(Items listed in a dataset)
....
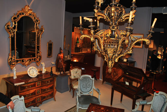 Booths are elegantly decked out with the crème-de-la-crème of Rococo and ornate marquetry furniture and objets d’art, the majority coming from 18th-century France. If your vision of grandeur includes lots of gilded and highly polished furniture, then you would have loved the booth of Gilles Linossier, whose business is based on Paris Quai Voltaire. Gilles has been participating in this fair for the past 12 years. And his chic booth has exquisite examples of 18th-century Louis XVI tables, sideboards and tapestries, plus an immense 19th-century gilded wood (bois d’oré in French) chandelier (lustre in French) coming from an Austrian royal family.
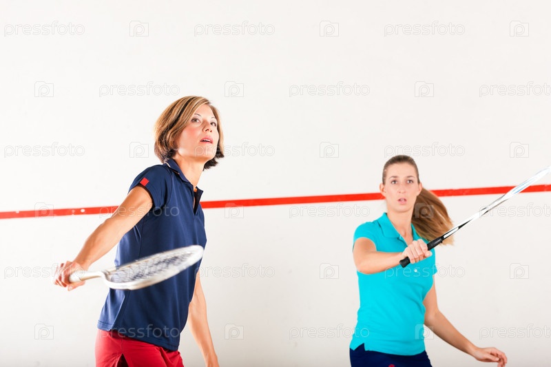 Две женщины играют в сквош в спортивном зале
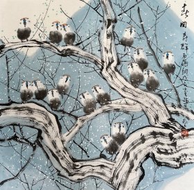 崔瑞鹿精品斗方写意花鸟国画【春曲】纯手绘未装裱(真假自鉴)
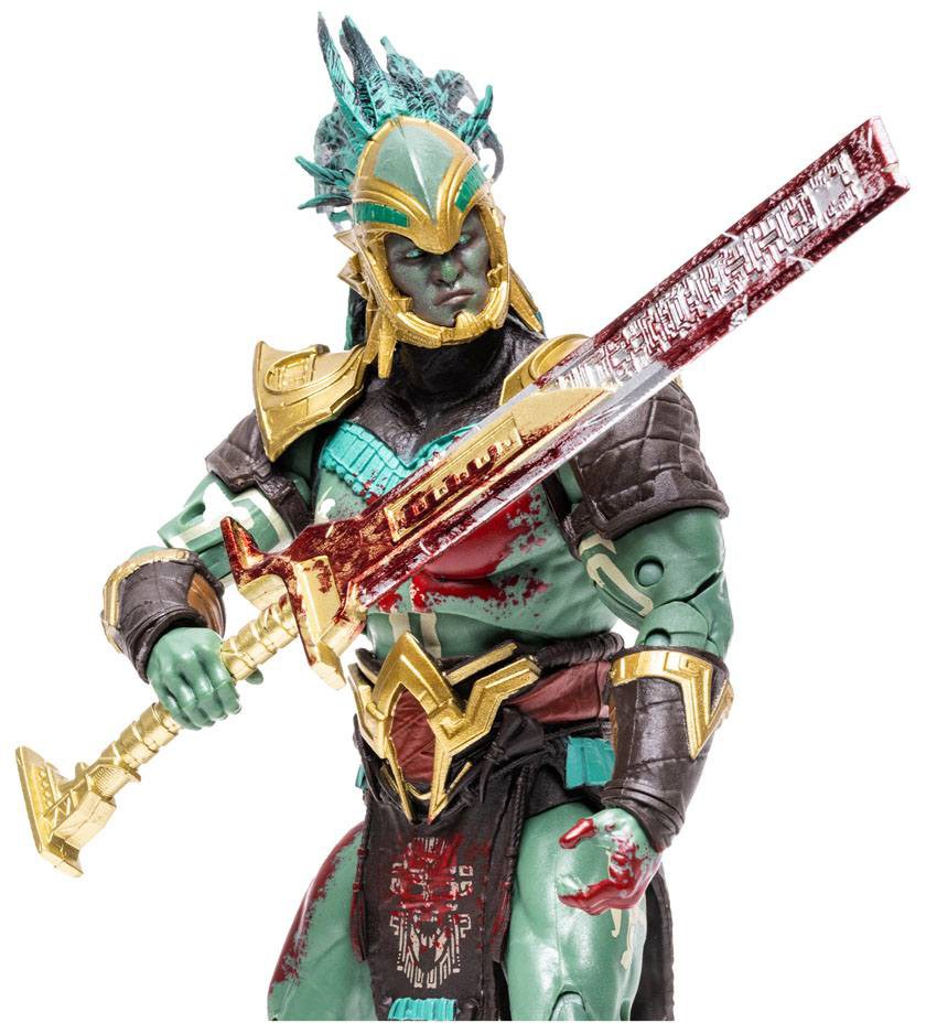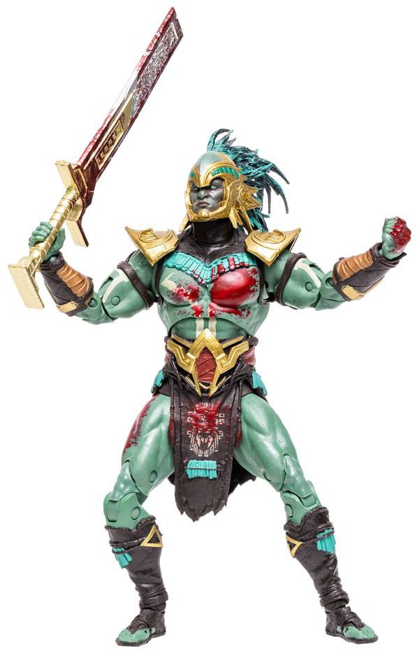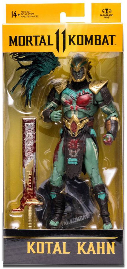 - Kotal Kahn includes his sword and a base Figure is showcased in Mortal Kombat themed window box packaging
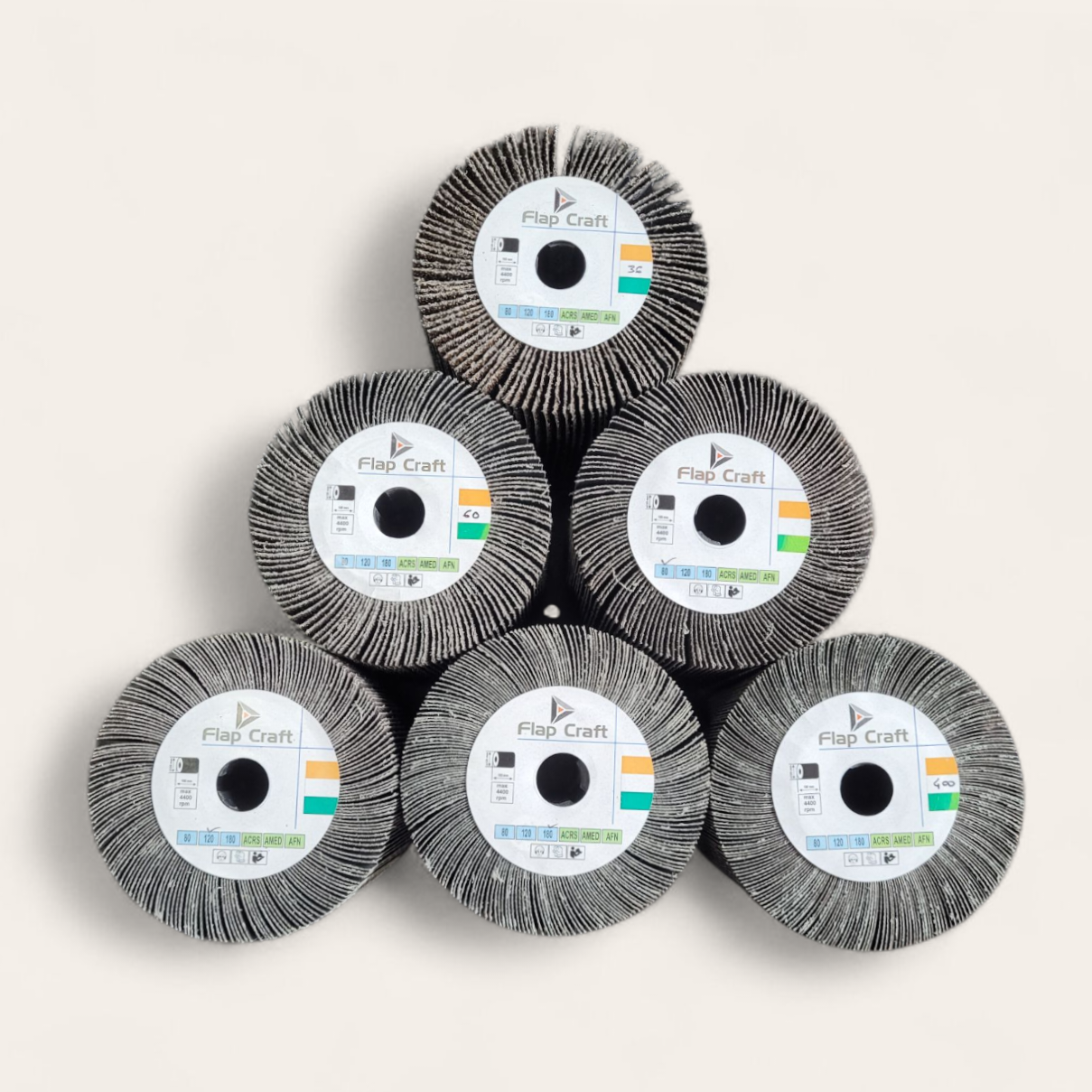 FlapCraft Alox Flap Wheel for Burnishing Machine. These flap wheels are made of high-quality Aluminium Oxide Cloth and gives excellent cutting and buffing on SS, MS or Non-Ferrous Surface. Available in Grit 36 to 400 Please call us for more details.
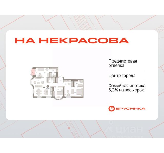 Квартира с кухней-гостиной и тремя спальнями в квартале "На Некрасова". Особенности планировки: второй санузел, лоджия, разнесённые спальни, предчистовая отделка, мастер-спальня, балкон. квартиры в нашей базе: НКР02-Ж2.6.4. Квартал "На Некрасова" состоит из четырёх домов переменной высотности от 7 до 25 этажей с тихими дворами и подземным паркингом. Особенность квартала — общественные пространства и благоустройство нового уровня: городская площадь с фонтаном, центральный пешеходный бульвар, ландшафтный парк, камерные сады и зелёные кровли домов. Из окон квартир открывается вид на Исеть. В квартале спроектированы помещения под магазины, кафе, аптеки и соседский центр. Проект расположен в центре Екатеринбурга в границах улиц Печерская — Некрасова рядом с управлением железной дороги и крупной транспортной магистралью — улицей Челюскинцев. В пешей доступности — школа 208, сквер, санаторий, фитнес-центр с бассейном. В 10 минутах ходьбы находится станция метро "Динамо", Олимпийская набережная, Дворец игровых видов спорта, спортивный комплекс "Динамо" и киноконцертный театр "Космос". Особенность проекта — цепочка связанных общественных пространств. Новая площадь за зданием управления железной дороги переходит в бульвар и сквер. В центре площади — фонтан. На бульваре расположена детская площадка, спортивная зона и беседки-перголы для спокойного отдыха. Вход во двор организован через колоннаду. Планировочно он разделён на две части. Парадный партер с большим количеством стриженых растений, фонтанами, цветущими кустарниками и более "домашняя", уютная зона, где высажены деревья и низкорослые хвойные растения, многолетники. В центре двора — две детские площадки. #Zsoo9z
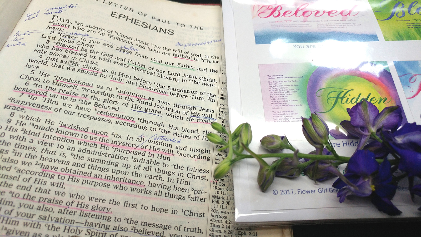 9 Flower Girl Greetings bookmarks have been created that can be included in these cards for no extra postage. They are Beloved, Blessed, Chosen, New, Strengthened, Sealed, Hidden, Reflector, and Redeemed, and you may find them here where you can scroll down to find them!
....
## Your assignment
Reproduce each entry exactly, without the pictures.

## Exercise result
 Booths are elegantly decked out with the crème-de-la-crème of Rococo and ornate marquetry furniture and objets d’art, the majority coming from 18th-century France. If your vision of grandeur includes lots of gilded and highly polished furniture, then you would have loved the booth of Gilles Linossier, whose business is based on Paris Quai Voltaire. Gilles has been participating in this fair for the past 12 years. And his chic booth has exquisite examples of 18th-century Louis XVI tables, sideboards and tapestries, plus an immense 19th-century gilded wood (bois d’oré in French) chandelier (lustre in French) coming from an Austrian royal family.
 Две женщины играют в сквош в спортивном зале
 崔瑞鹿精品斗方写意花鸟国画【春曲】纯手绘未装裱(真假自鉴)
 - Kotal Kahn includes his sword and a base Figure is showcased in Mortal Kombat themed window box packaging
 FlapCraft Alox Flap Wheel for Burnishing Machine. These flap wheels are made of high-quality Aluminium Oxide Cloth and gives excellent cutting and buffing on SS, MS or Non-Ferrous Surface. Available in Grit 36 to 400 Please call us for more details.
 Квартира с кухней-гостиной и тремя спальнями в квартале "На Некрасова". Особенности планировки: второй санузел, лоджия, разнесённые спальни, предчистовая отделка, мастер-спальня, балкон. квартиры в нашей базе: НКР02-Ж2.6.4. Квартал "На Некрасова" состоит из четырёх домов переменной высотности от 7 до 25 этажей с тихими дворами и подземным паркингом. Особенность квартала — общественные пространства и благоустройство нового уровня: городская площадь с фонтаном, центральный пешеходный бульвар, ландшафтный парк, камерные сады и зелёные кровли домов. Из окон квартир открывается вид на Исеть. В квартале спроектированы помещения под магазины, кафе, аптеки и соседский центр. Проект расположен в центре Екатеринбурга в границах улиц Печерская — Некрасова рядом с управлением железной дороги и крупной транспортной магистралью — улицей Челюскинцев. В пешей доступности — школа 208, сквер, санаторий, фитнес-центр с бассейном. В 10 минутах ходьбы находится станция метро "Динамо", Олимпийская набережная, Дворец игровых видов спорта, спортивный комплекс "Динамо" и киноконцертный театр "Космос". Особенность проекта — цепочка связанных общественных пространств. Новая площадь за зданием управления железной дороги переходит в бульвар и сквер. В центре площади — фонтан. На бульваре расположена детская площадка, спортивная зона и беседки-перголы для спокойного отдыха. Вход во двор организован через колоннаду. Планировочно он разделён на две части. Парадный партер с большим количеством стриженых растений, фонтанами, цветущими кустарниками и более "домашняя", уютная зона, где высажены деревья и низкорослые хвойные растения, многолетники. В центре двора — две детские площадки. #Zsoo9z
 9 Flower Girl Greetings bookmarks have been created that can be included in these cards for no extra postage. They are Beloved, Blessed, Chosen, New, Strengthened, Sealed, Hidden, Reflector, and Redeemed, and you may find them here where you can scroll down to find them!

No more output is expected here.